### [Task goal]
Transcribe the listing exactly, so that nothing but the pictures is missing.

### [Available data]

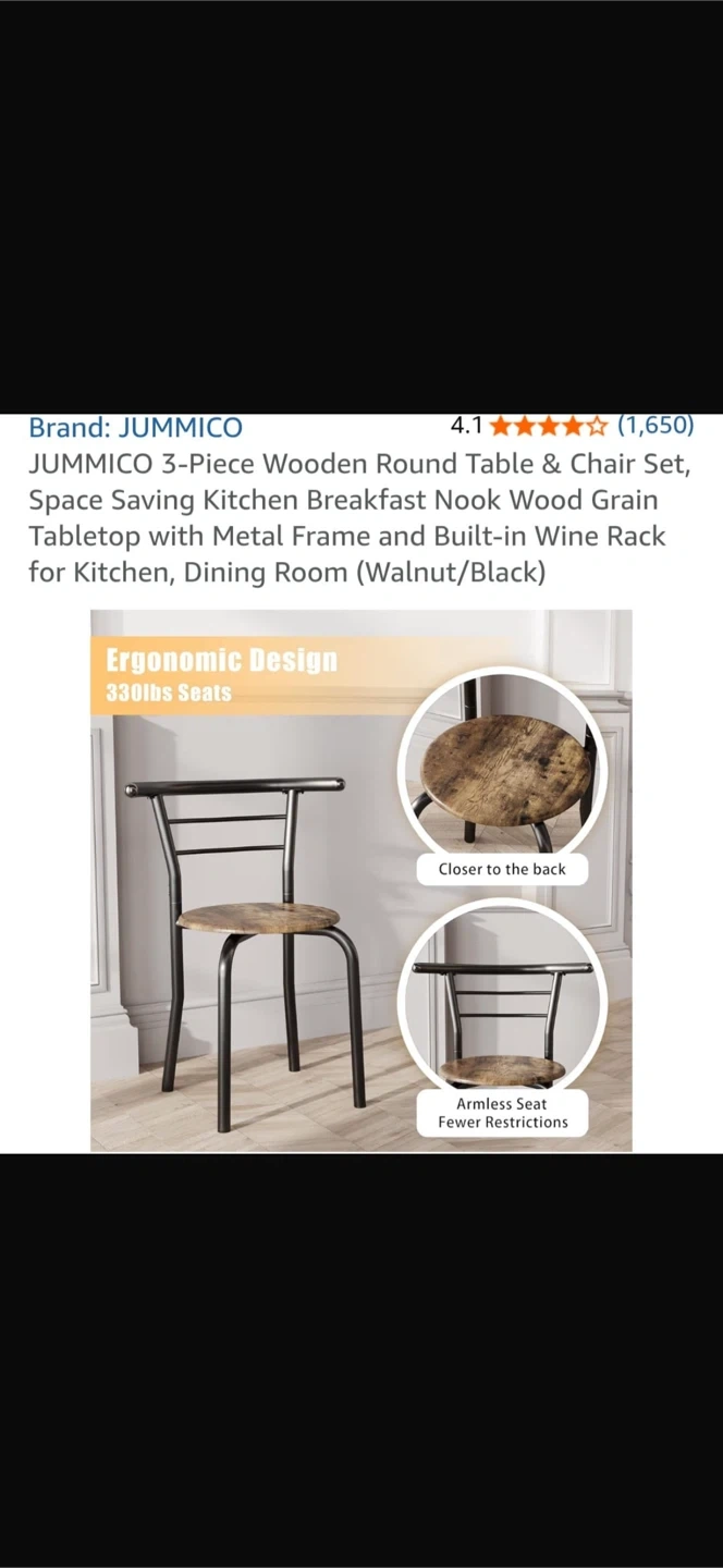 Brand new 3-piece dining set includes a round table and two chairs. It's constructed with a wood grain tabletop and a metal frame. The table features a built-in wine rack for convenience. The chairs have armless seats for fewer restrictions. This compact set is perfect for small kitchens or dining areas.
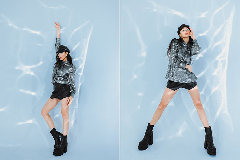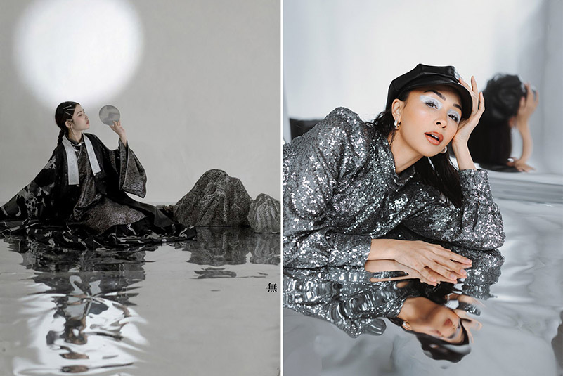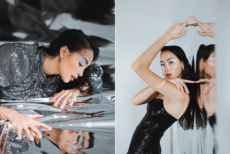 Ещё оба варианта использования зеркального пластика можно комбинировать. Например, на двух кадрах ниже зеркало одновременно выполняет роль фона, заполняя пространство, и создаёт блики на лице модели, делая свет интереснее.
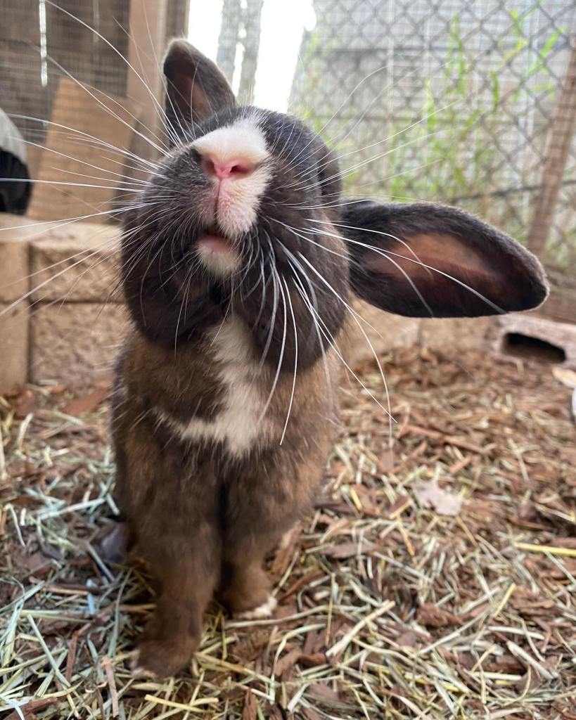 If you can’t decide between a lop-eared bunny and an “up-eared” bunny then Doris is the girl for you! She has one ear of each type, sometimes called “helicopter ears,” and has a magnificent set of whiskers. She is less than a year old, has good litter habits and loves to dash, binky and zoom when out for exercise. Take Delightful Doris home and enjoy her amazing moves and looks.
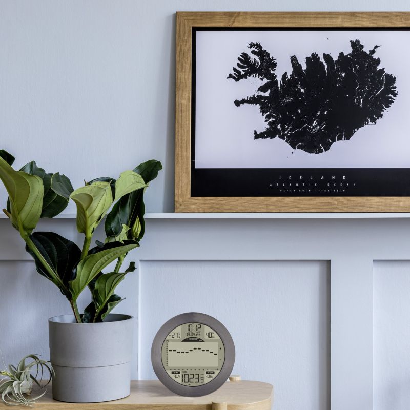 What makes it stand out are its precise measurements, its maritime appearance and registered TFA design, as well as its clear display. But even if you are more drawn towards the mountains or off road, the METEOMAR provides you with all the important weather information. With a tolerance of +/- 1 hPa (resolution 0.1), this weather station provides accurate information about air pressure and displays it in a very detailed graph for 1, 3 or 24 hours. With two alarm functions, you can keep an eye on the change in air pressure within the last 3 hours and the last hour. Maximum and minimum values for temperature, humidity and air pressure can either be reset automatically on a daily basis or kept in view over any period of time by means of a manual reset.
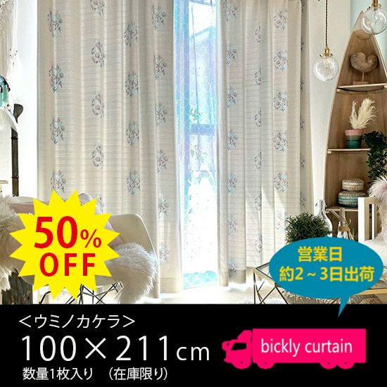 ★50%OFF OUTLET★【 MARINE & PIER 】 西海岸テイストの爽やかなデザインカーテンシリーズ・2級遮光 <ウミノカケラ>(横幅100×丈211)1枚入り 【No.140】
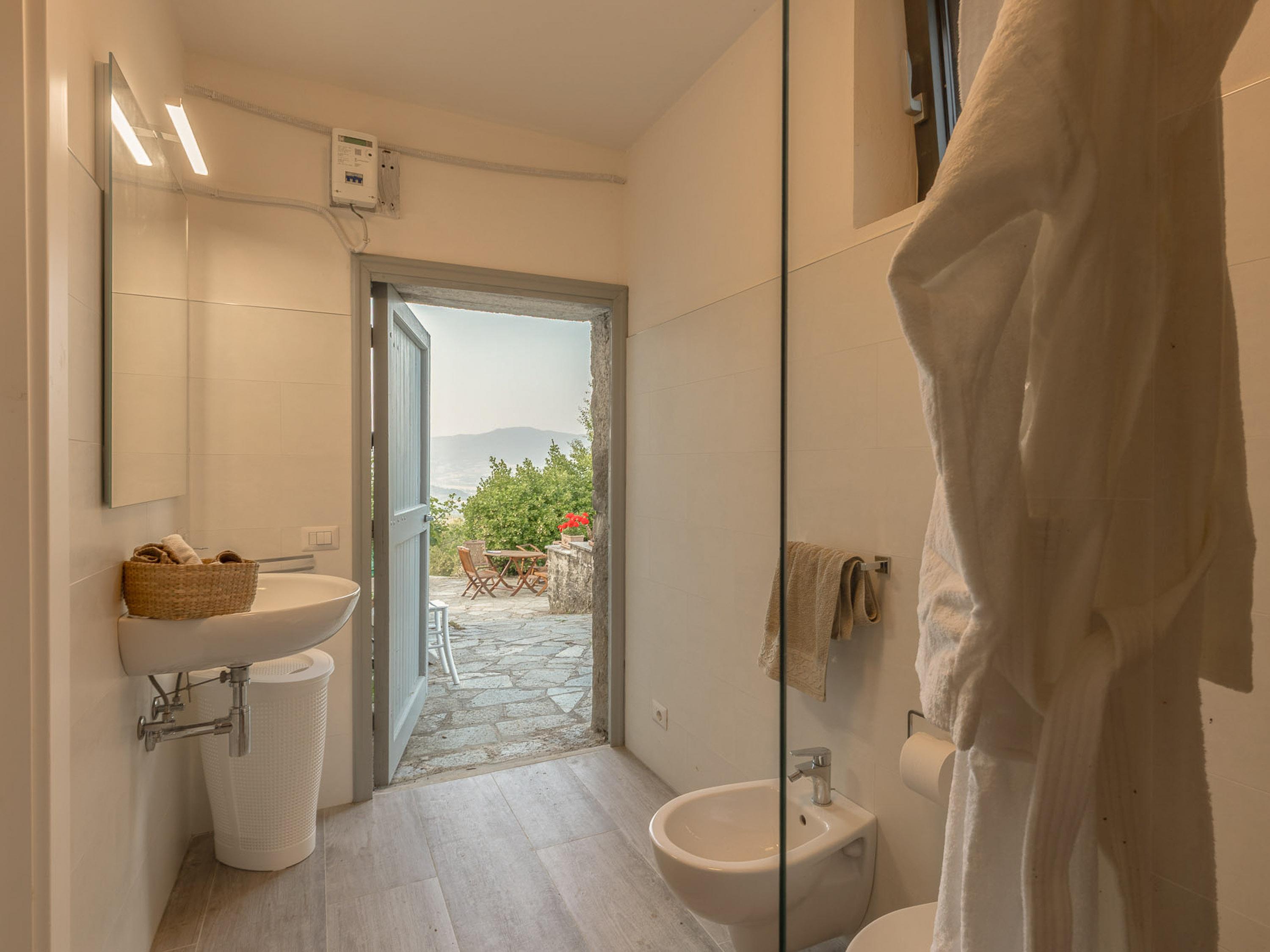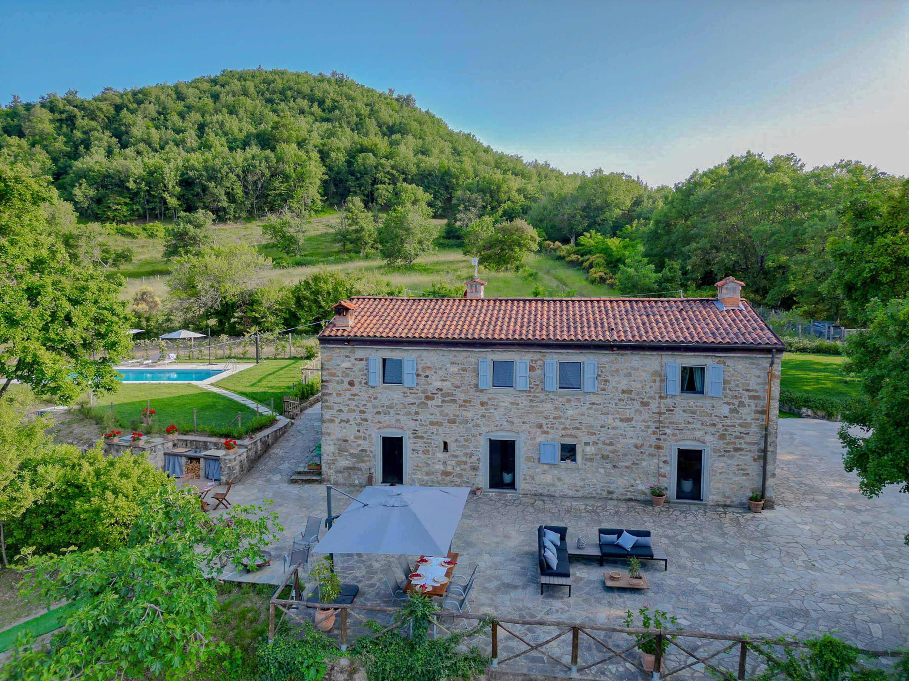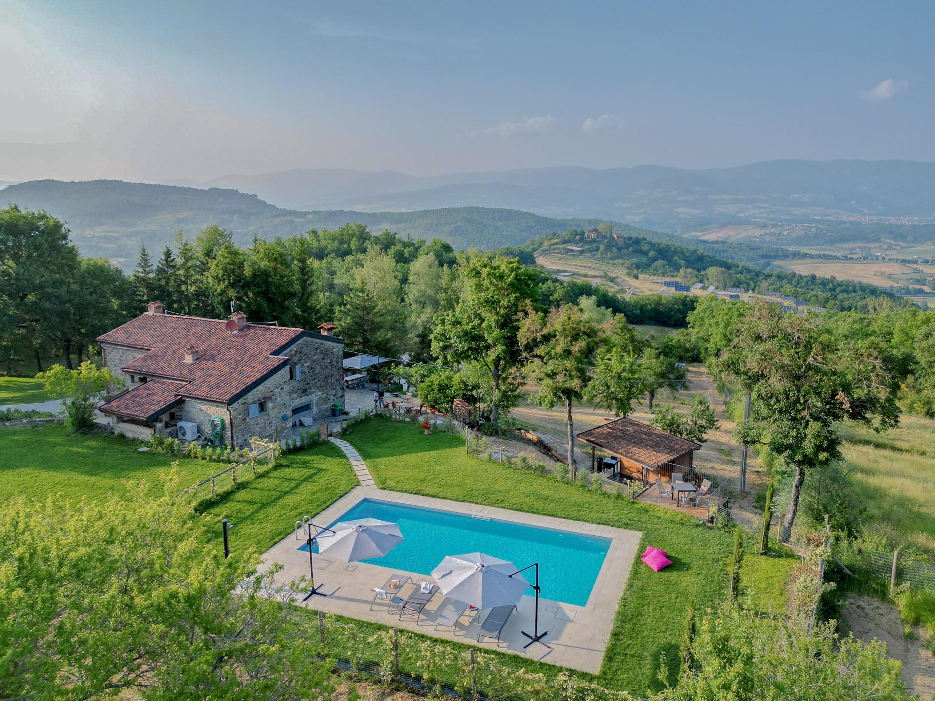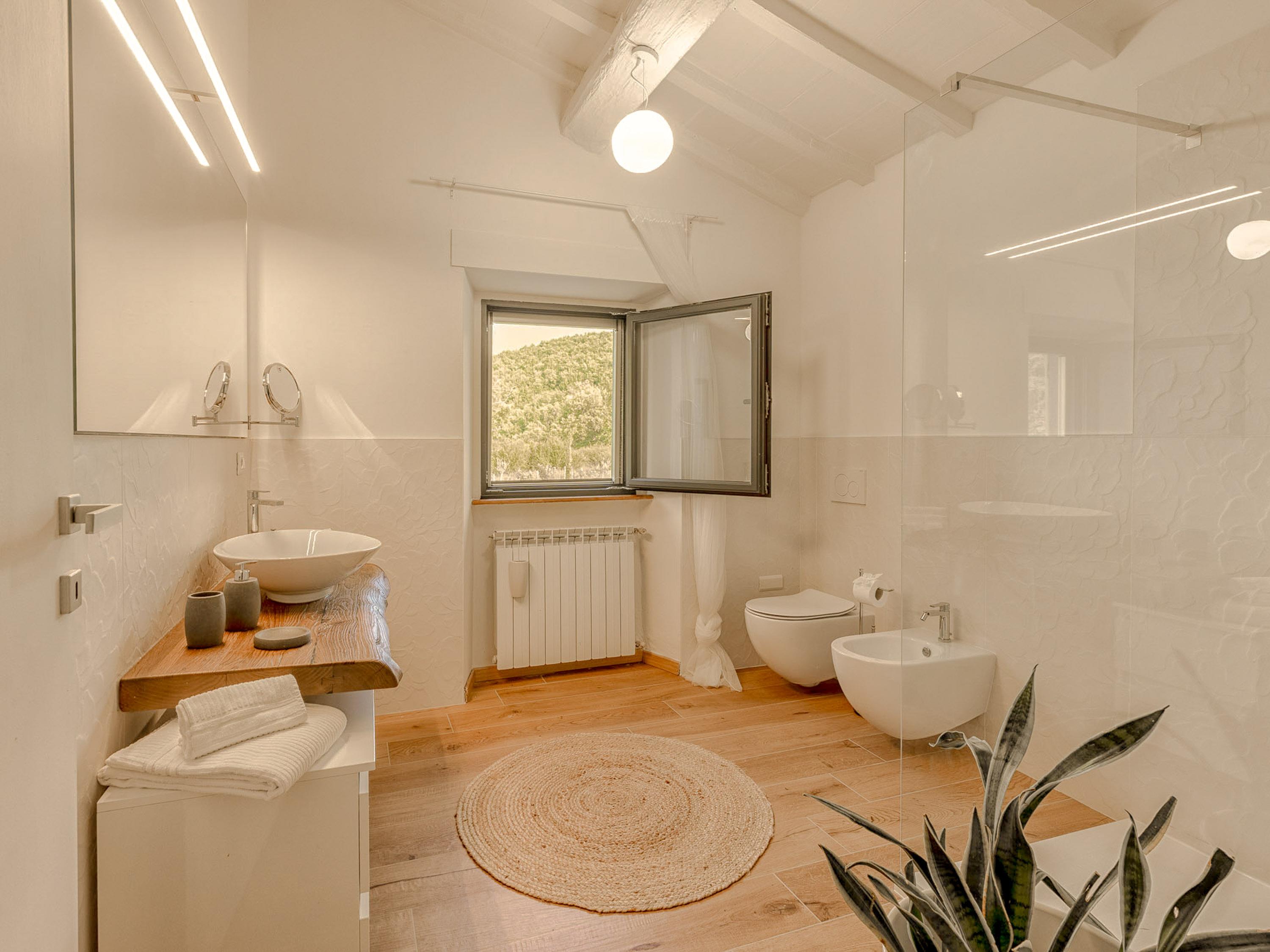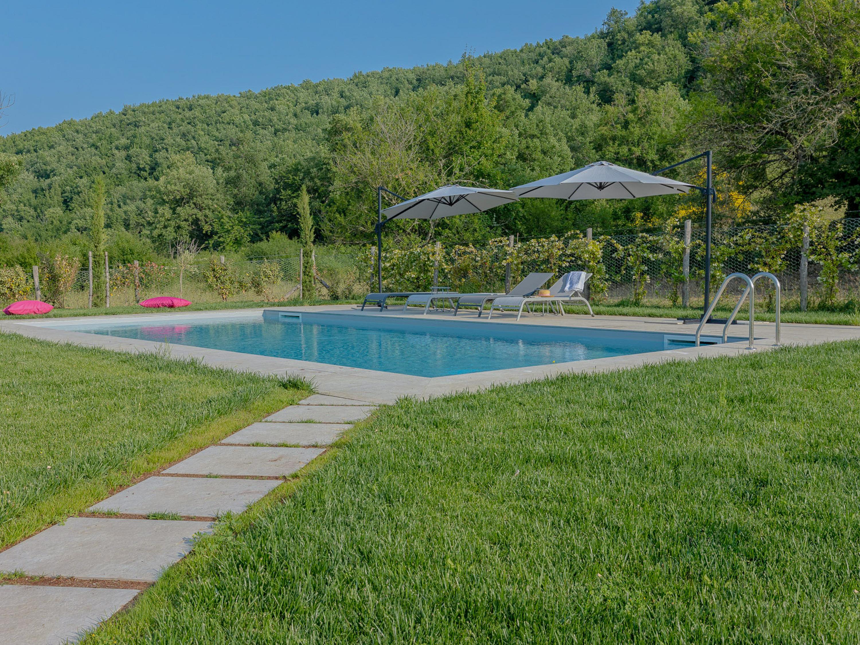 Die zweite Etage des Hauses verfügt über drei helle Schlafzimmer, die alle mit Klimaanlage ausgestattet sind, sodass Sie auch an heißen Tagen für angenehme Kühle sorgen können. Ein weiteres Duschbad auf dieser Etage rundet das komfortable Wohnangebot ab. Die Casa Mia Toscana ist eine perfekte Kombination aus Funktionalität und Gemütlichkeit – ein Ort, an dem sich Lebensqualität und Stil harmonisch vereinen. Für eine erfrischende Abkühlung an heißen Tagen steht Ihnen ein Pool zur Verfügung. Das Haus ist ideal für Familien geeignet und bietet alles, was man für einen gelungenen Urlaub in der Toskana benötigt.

### [Reply to the exercise]
 Brand new 3-piece dining set includes a round table and two chairs. It's constructed with a wood grain tabletop and a metal frame. The table features a built-in wine rack for convenience. The chairs have armless seats for fewer restrictions. This compact set is perfect for small kitchens or dining areas.
 Ещё оба варианта использования зеркального пластика можно комбинировать. Например, на двух кадрах ниже зеркало одновременно выполняет роль фона, заполняя пространство, и создаёт блики на лице модели, делая свет интереснее.
 If you can’t decide between a lop-eared bunny and an “up-eared” bunny then Doris is the girl for you! She has one ear of each type, sometimes called “helicopter ears,” and has a magnificent set of whiskers. She is less than a year old, has good litter habits and loves to dash, binky and zoom when out for exercise. Take Delightful Doris home and enjoy her amazing moves and looks.
 What makes it stand out are its precise measurements, its maritime appearance and registered TFA design, as well as its clear display. But even if you are more drawn towards the mountains or off road, the METEOMAR provides you with all the important weather information. With a tolerance of +/- 1 hPa (resolution 0.1), this weather station provides accurate information about air pressure and displays it in a very detailed graph for 1, 3 or 24 hours. With two alarm functions, you can keep an eye on the change in air pressure within the last 3 hours and the last hour. Maximum and minimum values for temperature, humidity and air pressure can either be reset automatically on a daily basis or kept in view over any period of time by means of a manual reset.
 ★50%OFF OUTLET★【 MARINE & PIER 】 西海岸テイストの爽やかなデザインカーテンシリーズ・2級遮光 <ウミノカケラ>(横幅100×丈211)1枚入り 【No.140】
 Die zweite Etage des Hauses verfügt über drei helle Schlafzimmer, die alle mit Klimaanlage ausgestattet sind, sodass Sie auch an heißen Tagen für angenehme Kühle sorgen können. Ein weiteres Duschbad auf dieser Etage rundet das komfortable Wohnangebot ab. Die Casa Mia Toscana ist eine perfekte Kombination aus Funktionalität und Gemütlichkeit – ein Ort, an dem sich Lebensqualität und Stil harmonisch vereinen. Für eine erfrischende Abkühlung an heißen Tagen steht Ihnen ein Pool zur Verfügung. Das Haus ist ideal für Familien geeignet und bietet alles, was man für einen gelungenen Urlaub in der Toskana benötigt.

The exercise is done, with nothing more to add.